Род работы Русанова в течение уже многих лет, едва ли не двадцати, был – анкетное хозяйство. Должность эта в разных учреждениях называлась по-разному, но суть была всегда одна. Только неучи да несведущие посторонние люди не знают, какая это ажурная тонкая работа. Каждый человек на жизненном пути заполняет немалое число анкет, и в каждой анкете – известное число вопросов. Ответ одного человека на один вопрос одной анкеты – это уже ниточка, навсегда протянувшаяся от человека в местный центр анкетного хозяйства. От каждого человека протянуты, таким образом, сотни ниточек, а всего их сходятся многие миллионы, и если б ниточки эти стали видимы, то всё небо оказалось бы в паутине, а если б они стали материально-упруги, то и автобусы, и трамваи, и сами люди потеряли бы возможность двигаться и ветер не мог бы вдоль улицы пронести клочков газеты или осенних листьев. Но они невидимы и нематериальны, а, однако, чувствуются человеком постоянно. Дело в том, что так называемые кристальные анкеты – это как абсолютная истина, как идеал, они почти недостижимы. На каждого живого человека всегда можно записать что-нибудь отрицательное или подозрительное, каждый человек в чём-нибудь виноват или что-нибудь утаивает, если разобраться дотошно.
Из этого постоянного ощущения незримых ниточек естественно рождается у людей и уважение к тем лицам, кто эти ниточки вытягивает, кто ведёт это сложнейшее анкетное хозяйство. Авторитет таких лиц.

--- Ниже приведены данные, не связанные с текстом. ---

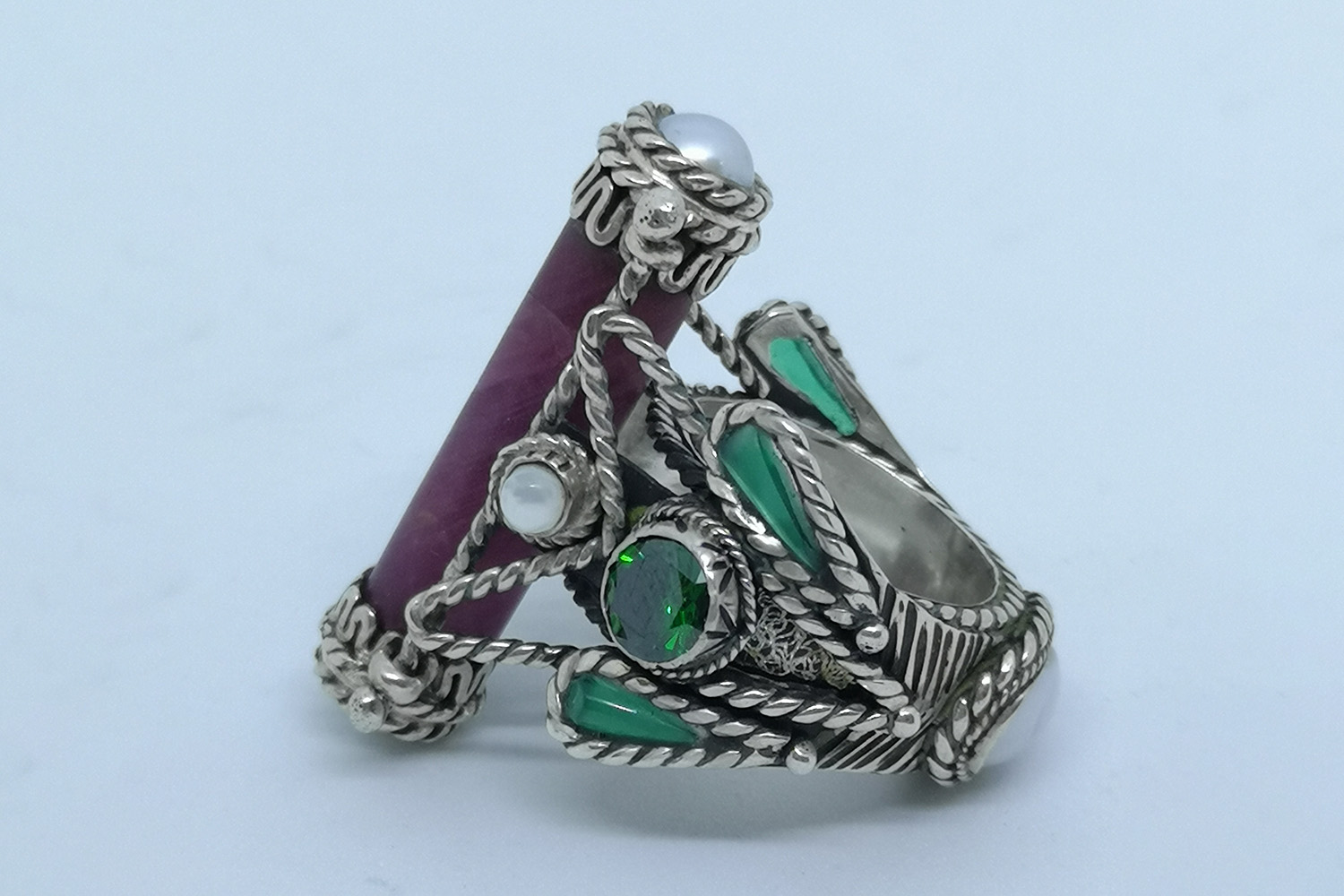 This ring is made of sterling silver. Each element is handcrafted and heat welded. Eleven griffes support a mobile purple tourmaline baguette.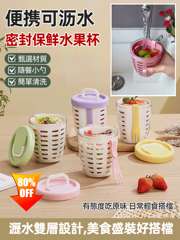 25分鐘前便攜可瀝水密封保鮮水果杯 - 買一送一899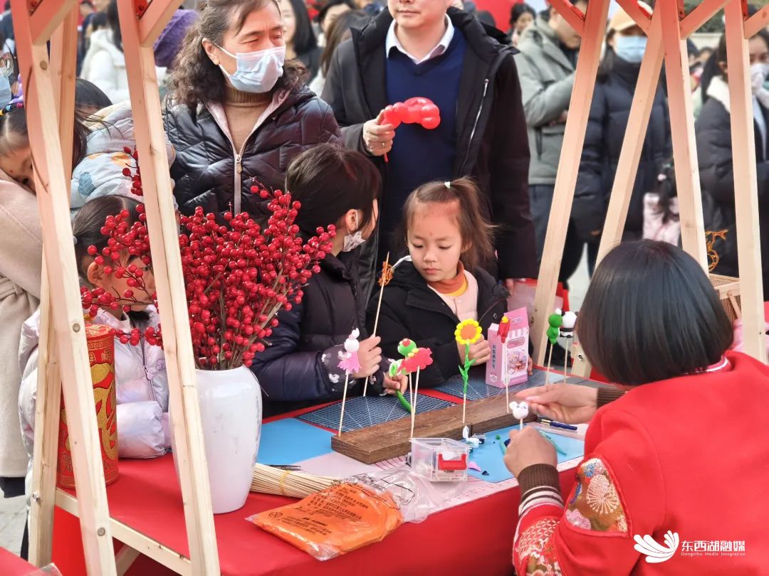 旁边,顶顶糕、面部彩绘、糖画等传统技艺展示区域,也是人气爆棚。孩子们围在糖画师傅身边,眼睛紧盯着师傅手中的勺子,看着晶莹的糖液在石板上神奇地变成各种栩栩如生的图案,拿到手后都舍不得吃。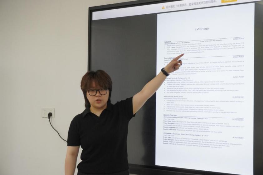 在简历与专业选择的部分,唐迎家结合自己的简历,细致解读了简历和个人陈述的撰写要点。她表示,这些材料应紧密围绕申请的学校和专业进行个性化设计,突出自身优势与专业契合度。同时,她还建议同学们在选择专业时,要多做调研、全面了解,确保选择的专业符合自身兴趣和职业规划。

Пользуясь ещё одним сравнением, уже музыкальным, Русанов, благодаря своему особому положению, обладал как бы набором дощечек ксилофона и мог по выбору, по желанию, по соображениям необходимости ударять по любой из дощечек. Хотя все они были равно деревянные, но голос был у каждой свой.
Были дощечки, то есть приёмы, самого нежного, осторожного действия. Например, желая какому-нибудь товарищу передать, что он им недоволен, или просто предупредить, немного поставить на место, Русанов умел особыми ладами здороваться. Когда тот человек здоровался (разумеется, первый), Павел Николаевич мог ответить деловито, но не улыбнуться; а мог, сдвинув брови (это он отрабатывал в рабочем кабинете перед зеркалом), чуть-чуть замедлить ответ – как будто он сомневался, надо ли, собственно, с этим человеком здороваться, достоин ли тот, – и уж после этого поздороваться (опять же: или с полным поворотом головы, или с неполным, или вовсе не поворачивая). Такая маленькая задержка всегда имеет, однако, значительный эффект. В голове работника, который был приветствован с такой заминкой или холодком, начинались деятельные поиски тех грехов, в которых этот работник мог быть виноват. И, поселив сомнение, заминка удерживала его, может быть, от неверного поступка, на грани которого работник уже был, но Павел Николаевич лишь с опозданием получил бы об этом сведения.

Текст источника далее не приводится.